# The number of vibrational modes g(v)dv in Debye theory

## Homework Statement

Show that, in the Debye theory, the number of excited vibrational modes in the frequency range ##\nu## to ##\nu+d\nu##, at temperature T, is proportional to x2e-x, where ##x=h\nu/kT##. The maximum in this function occurs at a frequency ##\nu'=2kT/h##; hence ##\nu'→0## as ##T→0##.
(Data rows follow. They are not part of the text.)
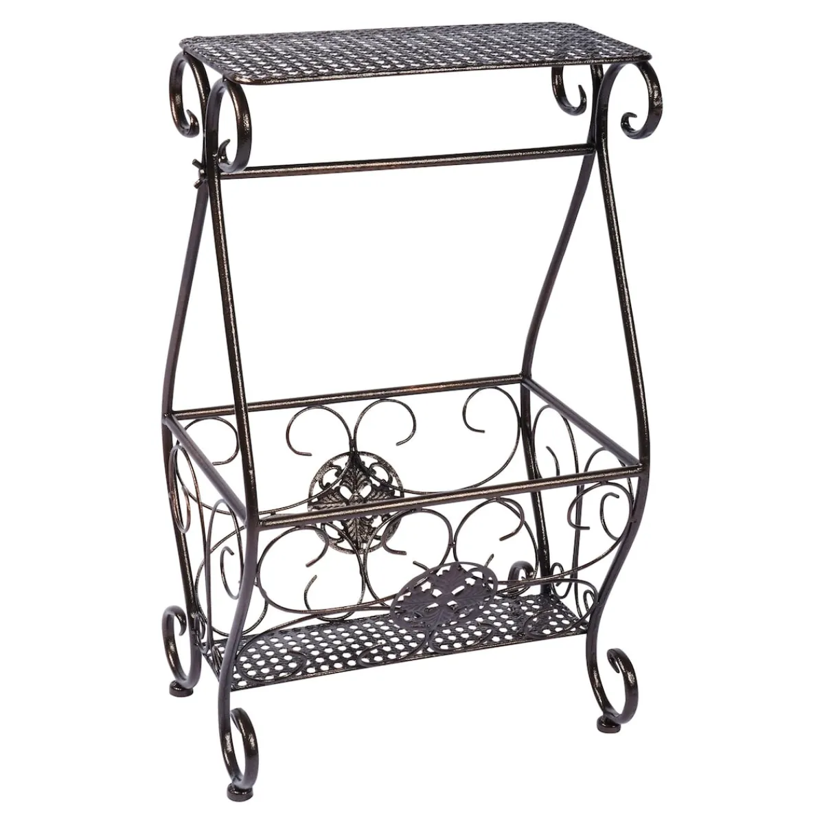 Ganz im Stil des Art déco, versprüht dieser Beistelltisch Romantik pur! Seine verschlungenen, floralen Elemente machen ihn zu einem sowohl dekorativen wie auch nützlichen Möbelstück. Im unteren Bereich punktet das Tischchen mit einer großen Ablage, in der allerlei Dinge wie Bücher, Zeitschriften etc. Platz haben.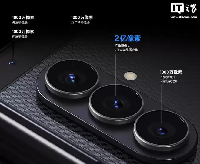 影像方面,Galaxy Z TriFold配备了2亿像素的主摄像头,可实现2倍光学品质变焦。辅以1200万像素的超广角镜头和1000万像素的3倍光学变焦长焦镜头。其外屏和内屏的前置摄像头均为1000万像素。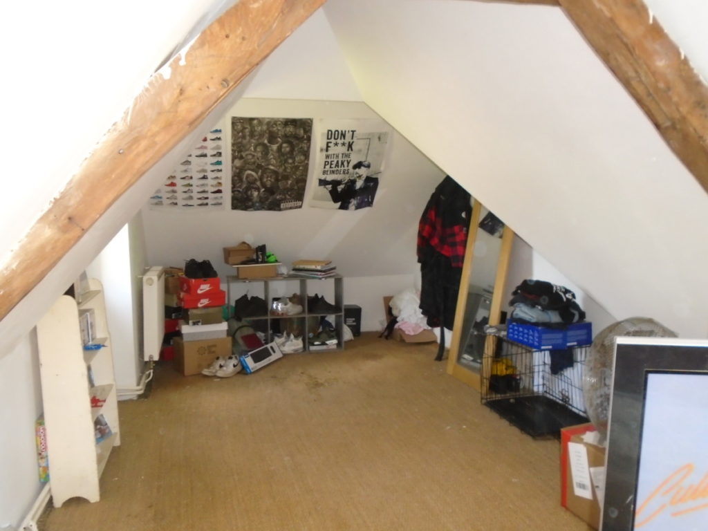Floorboards, window, beams, radiator.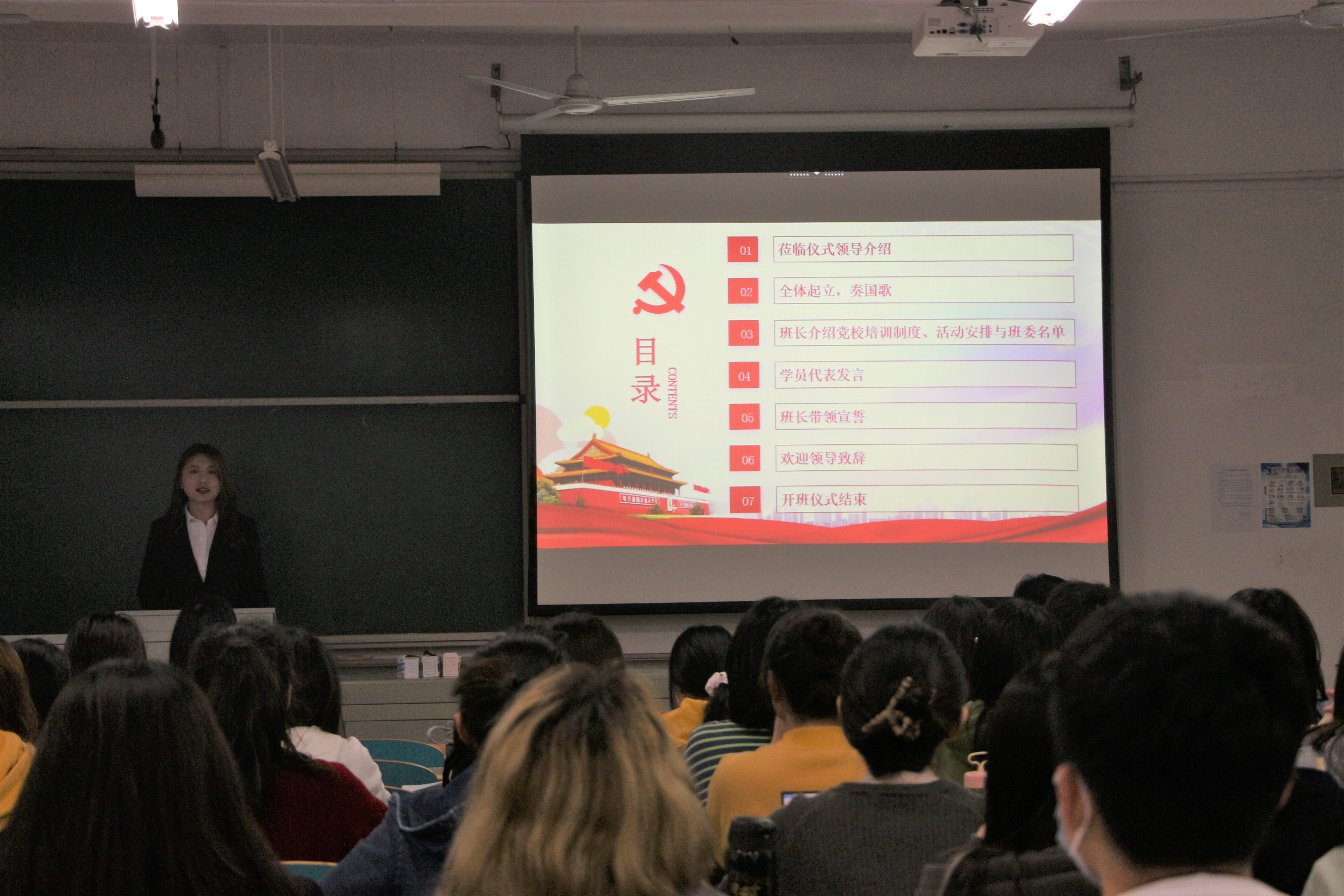 庄严地奏唱国歌后,培训班班主任刘洋介绍了发展对象培训班的培训制度、活动安排与班委名单,对在座的发展对象提出学习要求与纪律要求,希望同学们端正学习态度,从思想上、行动上早日入党。

2. The attempt at a solution
The Debye theory gives that ##g(\nu)\sim α\nu^2##. Since the problem comtains the term of ##e^{-x}##. I think it might be related to the partition equation of single excited classic oscillator(##n>0##):
$$q(\theta_i)=e^{-\frac{3\theta_i}{2T}}\Sigma_{n=0}^{\infty}(e^{-\theta_i/T})^n=\frac{e^\frac{3\theta_i}{2T}}{1-e^{-\theta_i/t}}$$
where ##\theta_i=h\nu_i/k##. So the partition equation for the monoatomic crystal becoms:
$$Q=e^{-N\phi(0)/2kT}\Pi_{i=1}^{3N}q(\theta_i)$$
and
$$-lnQ = \frac{N\phi(0)}{2kT}+\int^\infty_0[ln(1-e^{-h\nu/kT})+\frac{3h\nu}{2kT}]g(\nu)d\nu$$
where ##\phi(0)## is the internal energy of all the atoms in the crystal are at equilibrium locations and ##N## the number of atoms. With these equations and:
$$\int^\infty_0g(\nu)d\nu=3N$$
How should I proceed to get ##g(\nu)d\nu## ?